> _Records for this task_
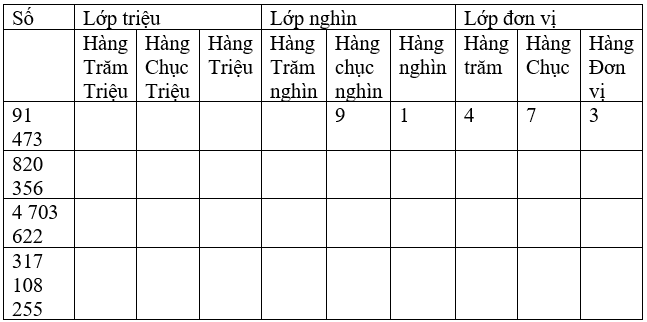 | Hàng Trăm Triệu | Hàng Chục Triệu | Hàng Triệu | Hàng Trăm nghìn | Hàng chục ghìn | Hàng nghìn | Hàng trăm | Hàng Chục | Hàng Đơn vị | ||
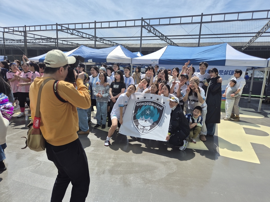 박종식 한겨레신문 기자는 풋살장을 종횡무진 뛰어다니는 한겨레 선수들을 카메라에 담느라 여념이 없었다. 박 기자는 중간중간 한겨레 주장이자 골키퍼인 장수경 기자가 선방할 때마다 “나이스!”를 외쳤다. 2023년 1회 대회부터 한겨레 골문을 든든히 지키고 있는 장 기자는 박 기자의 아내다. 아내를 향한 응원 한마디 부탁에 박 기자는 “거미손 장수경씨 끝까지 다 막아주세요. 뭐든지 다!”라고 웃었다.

...

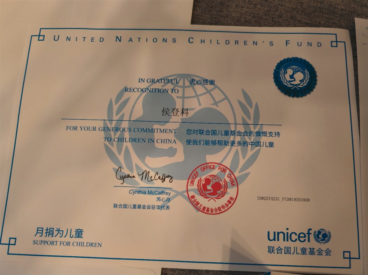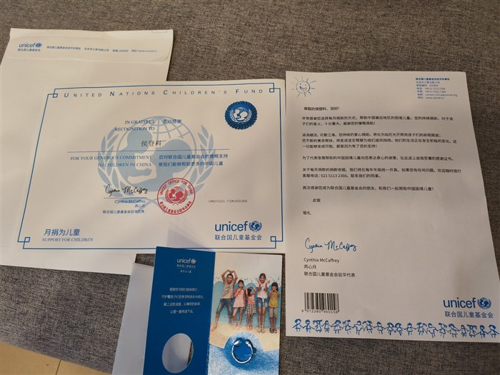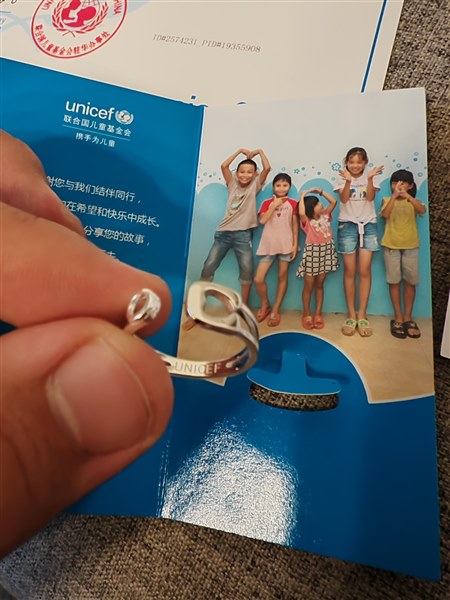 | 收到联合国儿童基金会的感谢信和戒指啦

> _Assigned task_
Respond with the exact lines above running from the one containing "Đơn vị | ||" to the one containing "박종식 한겨레신문 기자는", both ends kept and no pictures included.

> _Solution for this exercise_
 | Hàng Trăm Triệu | Hàng Chục Triệu | Hàng Triệu | Hàng Trăm nghìn | Hàng chục ghìn | Hàng nghìn | Hàng trăm | Hàng Chục | Hàng Đơn vị | ||
 박종식 한겨레신문 기자는 풋살장을 종횡무진 뛰어다니는 한겨레 선수들을 카메라에 담느라 여념이 없었다. 박 기자는 중간중간 한겨레 주장이자 골키퍼인 장수경 기자가 선방할 때마다 “나이스!”를 외쳤다. 2023년 1회 대회부터 한겨레 골문을 든든히 지키고 있는 장 기자는 박 기자의 아내다. 아내를 향한 응원 한마디 부탁에 박 기자는 “거미손 장수경씨 끝까지 다 막아주세요. 뭐든지 다!”라고 웃었다.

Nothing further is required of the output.